Without this kind of stability in our awareness, we will continue to succumb to interrupting ourselves and not even know it. And interrupting ourselves is really nothing less that subverting ourselves. It has a huge amount of dissipative energy in it, preventing us, if we are not careful, from ever really mobilizing the full repertoire of our strengths and creativity, and sensibilities. We can blunder along for decades in such patterns, missing what is right before us or within us, because we are always allowing the lenses through which we are looking to fog up. As a consequence, our own authenticity, our own authentic life direction can be missed, and we may wind up feeling truly lost and depleted without any inkling of why.
So, it can be profoundly useful and revealing to put those very instances in which we are diverted from our own greater purpose by our own self-generated interruptions—where we have nobody else we can accuse of doing it but ourselves—to put them center stage in the field of our awareness when they arise, letting them become the object of our meditation practice in those very moments.
This interior process of interrupting ourselves can also be seen at times in our outward behavior patterns, and that too can be a very valuable object of meditation. Perhaps you have noticed the occasions when, in talking with other family members, you don’t let yourself complete a thought or a sentence without coming out with the next thing that comes to mind, even if it is a huge non sequitur, and another instance of not letting yourself complete a thought.

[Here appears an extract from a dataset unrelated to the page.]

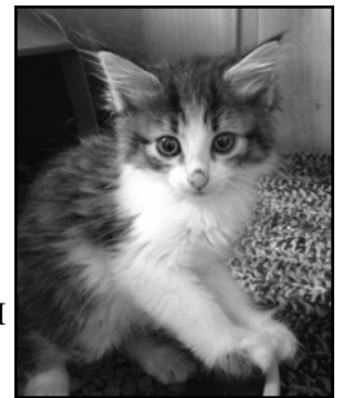
A kitten, recently returned from foster care, awaiting adoption at BHS.

Day 14: I don't know how long I've been here now, but my babies sure are getting big. That person that keeps coming in our room is really nice and fun. She plays with us a lot. Some of her friends come in with her and play with us too. I hear them call her "the crazy cat lady." I wonder what that means? I'm not sure. But, I know that this lady was telling the truth that day in the car. We have everything we need

We do the same in conversation with people outside the family. Our mind gets going and we stop attending. It has too much momentum of its own to actually hear even what it is saying, no less what anyone else is saying. That is when we start interrupting them as well as ourselves. A little awareness goes a long way in this regard, but still, these unconscious patterns carve very deep habitual ruts in the psyche, and it requires major intentionality to catch ourselves, to cease and desist. How will we ever know ourselves, be able to listen to ourselves, or understand ourselves if we keep on interrupting ourselves without even knowing it?
And how will we ever be present for someone else if we refuse to listen and we keep finishing other people’s sentences (because we tacitly assume, with considerable arrogance, if you stop and think about it, that we know better than they do what they are trying to say), or if we wind up unconsciously blurting out whatever is dominating in our own mind at the moment, even though it may have no direct relationship to what was just said? The quality of our relationships with others, to say nothing of the quality of our relationship with ourself, can suffer greatly if we do not bring some modicum of awareness to this arena.